If you planned to stay in the home long term (20 years or more), I would strongly encourage you to accelerate the mortgage payoff. Being debt free is one of the best financial moves any middle income family can do in preparation for retirement. However, it sounds like you may end up moving in the relative near future so I recommend accumulating cash for exactly the reason you cited - flexibility. You have a lot of immediate priorities and cash is always at a premium to help meet those priorities. Putting more into the house may make sense purely from a financial perspective (earning slightly more on your money), but getting that money out in the case of an emergency or an opportunity may not be as easy as you think. Other than setting up a separate account that is off limits, I cannot help with the financial discipline part of the equation where the cash you accumulate may get spent on non-priority items along the way.

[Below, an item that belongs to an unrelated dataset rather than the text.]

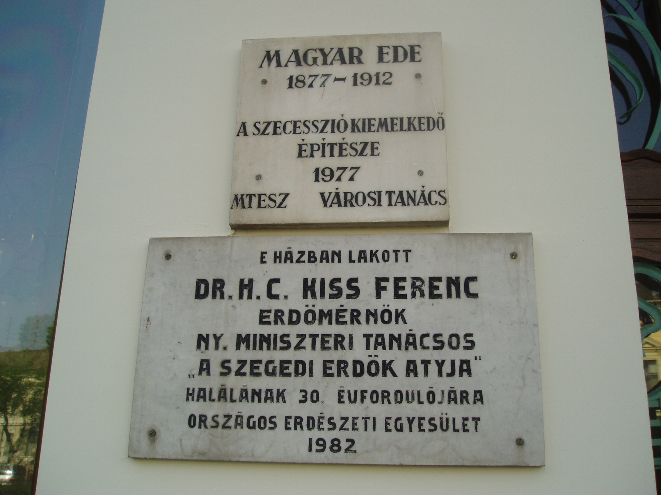Nyilvános 1020 | 1399 | Szeged, Tisza Lajos körút 56. Reök-palota | A Reök-palota 1907-ben épült szecessziós stílusban Magyar Ede (1878-1912) tervei szerint. Az annakidején lakóházként funkcionáló épület lakója volt Kiss Ferenc főerdőtanácsos. 1860-ban született a Sopron megyei Szilsárkányban, egyszerű parasztszülők nyolcadik gyermekeként. A selmecbányai Erdészeti Akadémián szerzett erdőmérnöki oklevelet, majd 1885-ben erdőtisztként Szegedre került, hogy felügyelje a város körüli, állami kezelésbe adott erdőket. Szívügye volt az Alföld homokterületeinek betelepítése, nem véletlenül nevezték "a szegedi erdők atyjának". A palotán Magyar Ede építész emléktábláját is elhelyezték. A fénykép 2007 júliusában készült. Felh. irod.: Péter László: Szeged. Bp. Panoráma, 1981 www.puszta.com/hun/programs/cikk/reok_palota_ujjaszuletese |

It sure sounds nice to me, and I like your reasoning of sinking money into the house if you think you want to eventually move, since that equity will help you with the new down payment.
However, in our situation, where we don’t envision moving for at least 10 years (and at that point, if we still like the neighborhood as we anticipate, we’re more likely to just renovate and stay), I’m sticking with just a bit over the minimum payment. Here was one of the deciding factors for me: we’re not saving a ton for the kids’ college, and the retirement accounts are NOT considered in financial aid calculations. The house asset IS. So you work hard to pay down your mortgage and the financial aid folks ask you to take out a NEW mortgage to help you pay for your kids’ college! No thanks.

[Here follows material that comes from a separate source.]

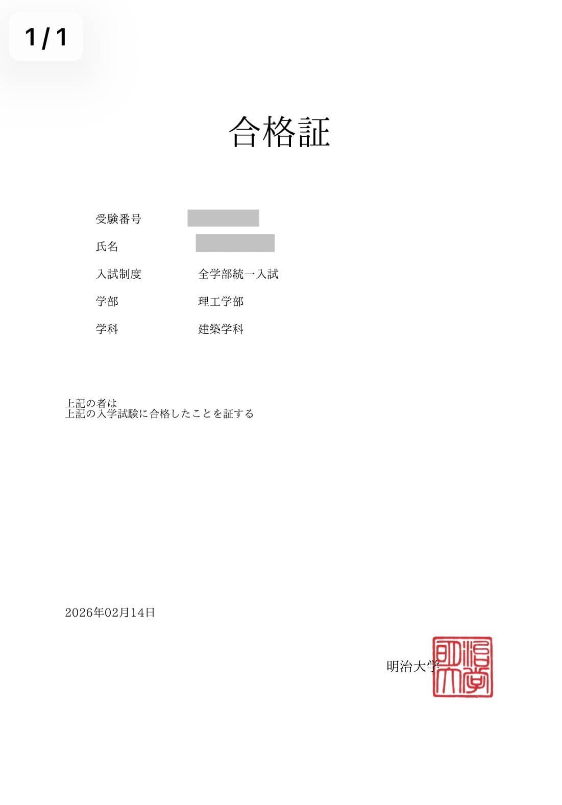 東北大学 工学部 東京理科大学 明治大学 合格Fさん

Kind of convoluted reasoning, I know. But it’s all part of the package for me. We don’t plan on paying for all of the kids college, but I would like to help with some. It’s just weird how the financial aid formulas affect our savings…(thankfully they’re being very reasonable with the 529 accounts)…

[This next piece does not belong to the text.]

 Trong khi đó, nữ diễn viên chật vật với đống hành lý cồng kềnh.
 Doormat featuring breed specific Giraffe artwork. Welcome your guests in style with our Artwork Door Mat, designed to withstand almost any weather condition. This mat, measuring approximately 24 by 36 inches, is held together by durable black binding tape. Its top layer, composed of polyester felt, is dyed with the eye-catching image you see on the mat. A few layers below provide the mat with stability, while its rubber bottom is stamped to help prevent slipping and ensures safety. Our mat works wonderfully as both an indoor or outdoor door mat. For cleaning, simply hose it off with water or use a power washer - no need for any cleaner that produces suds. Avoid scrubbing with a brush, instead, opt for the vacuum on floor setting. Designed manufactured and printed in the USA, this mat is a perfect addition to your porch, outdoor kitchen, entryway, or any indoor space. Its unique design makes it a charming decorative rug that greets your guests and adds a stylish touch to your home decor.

Clearly you ran the math, and it doesn’t make sense, why indulge in the fantasy of not owing the bank?
My wife prefers the thinking that kara expresses in her last paragraph. In 2005, 2006 & 2007 that really bothered me because our retirement savings plan was returning far more than our mortgage interest rate. This year, paying extra on the mortgage doesn’t seem so bad, because our retirement savings have given up a lot of the gains from prior years.
I think the best thing to do is what makes you feel better. If matt is solely measuring based on the analytics, he knows his answer. For my wife, watching the principal fall every month is not only rewarding, but adds to her piece of mind - knowing she could handle the mortgage alone, should something happen to me. To her that is more valuable than watching the retirement balance rise.
Don’t forget that you pay tax on your high-interest savings earnings, so that rate is actually lower, too.
I’m a Dave Ramsey fan, so I see paying off the mortgage early as a step I hope to reach eventually. He says that it makes sense to pre-pay after you’ve eliminated all other debt and are saving substantially for retirement and kids’ college. I think that while putting the same money into investments is likely to have a higher result, prepaying a mortgage might psychologically influence greater saving because it will always lower the principle owed.
Individuals who are able to save are advised to allocate a portion of their invest assets to different asset classes; at a minimum equities and non equities (usually bonds). When I had a mortgage I always keep my eye in the interest rates being paid on short-mid term CDs. When interest rates on CD’s were low, I would make an additional mortgage payment. I felt that by doing so I was investing in the non equities portion of my asset allocation. I realize that such an investment may tie up one’s funds for years. In a situation like yours, however, you might compare the yield on a 3-5 year CD to your mortage rate and invest accordingly. Our goal was to pay off our mortgage before our two daughters started college. Your goal may be different, a new house, but you still should look for the best return on investment for non tax deferred savings.